Prima del Coronavirus almeno la metà delle imprese private italiane già lottava tra la vita e la morte. Possono sopravvivere perché hanno la tecnologia e i mercati, ma possono andare all’altro mondo perché c’è sempre almeno un parametro che non riescono a soddisfare delle nove categorie che ti chiede il zelante direttore di banca. Se muoiono queste imprese muore il lavoro italiano. Abbiamo vinto le prime due battaglie in Europa, i soldi della Bce e l’addio ai vincoli del Patto di stabilita europeo, ma dobbiamo vincere la Grande Guerra. Solo se abbandoniamo l’abito della ipocrisia e siamo capaci come classe dirigente e comunità di un ripensamento globale, potremo vincere la Grande Guerra. Altrimenti, tutto tornerà come prima. Anzi, molto peggio.

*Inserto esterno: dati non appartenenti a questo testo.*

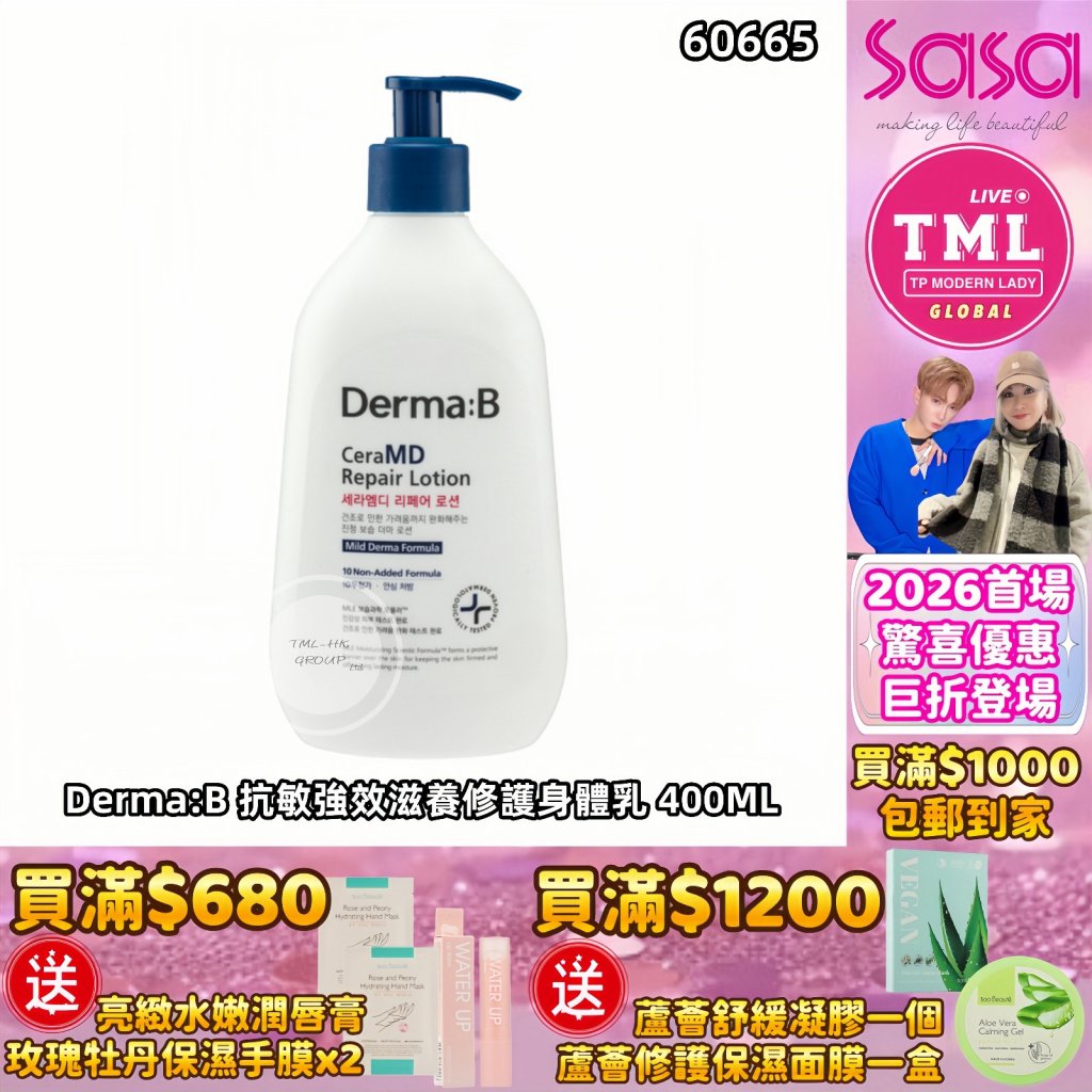 TMLXSASA Derma:B 抗敏強效滋養修護身體乳 400ML【買滿$1000包郵(樂記/順豐) | 12/1截單 | 預計新年前出貨 | 20260106A(60665.)】

Dobbiamo uscire dalla bolla italiana che lede la sua reputazione internazionale. Nella bolla ci sono i riti fuori della storia di partiti vecchi e nuovi e il format del talk show unico dove (tranne poche eccezioni) una “rappresentazione teatrale” sempre più decadente – i soliti galli che si beccano nel solito pollaio – vince sulla realtà e sbriciola i valori della competenza e del merito. Questo sistema fa parte della malattia italiana. Perché consente ai nani di eliminare i giganti o di trovare comunque il modo per sbarazzarsene.

Ha finito per fare diventare l’Italia una società di mutuo soccorso tra mezze calzette, mezzi uomini e mezze donne. Noi invece abbiamo bisogno subito di una squadra di uomini di guerra che evitino la maionese impazzita del blocco totale italiano invece di intervenire sulla macchina regionale scassata della Lombardia. Poi, servono i nuovi Glisenti, Bernabei, Fabiani, Mattei, Pescatore per togliere la guida dell’Italia ai reggicoda e ai reggistampa e avviare il decennio della ricostruzione italiana. Il nuovo ’29 mondiale obbligherà i Grandi della Terra a fare la nuova Bretton Woods invocata da Ciampi almeno dieci anni fa. Le due conferenze che hanno creato il Fondo monetario e la Banca mondiale si fecero durante la guerra. Succederà anche questa volta. Vogliamo presentarci con la squadra dei reggicoda?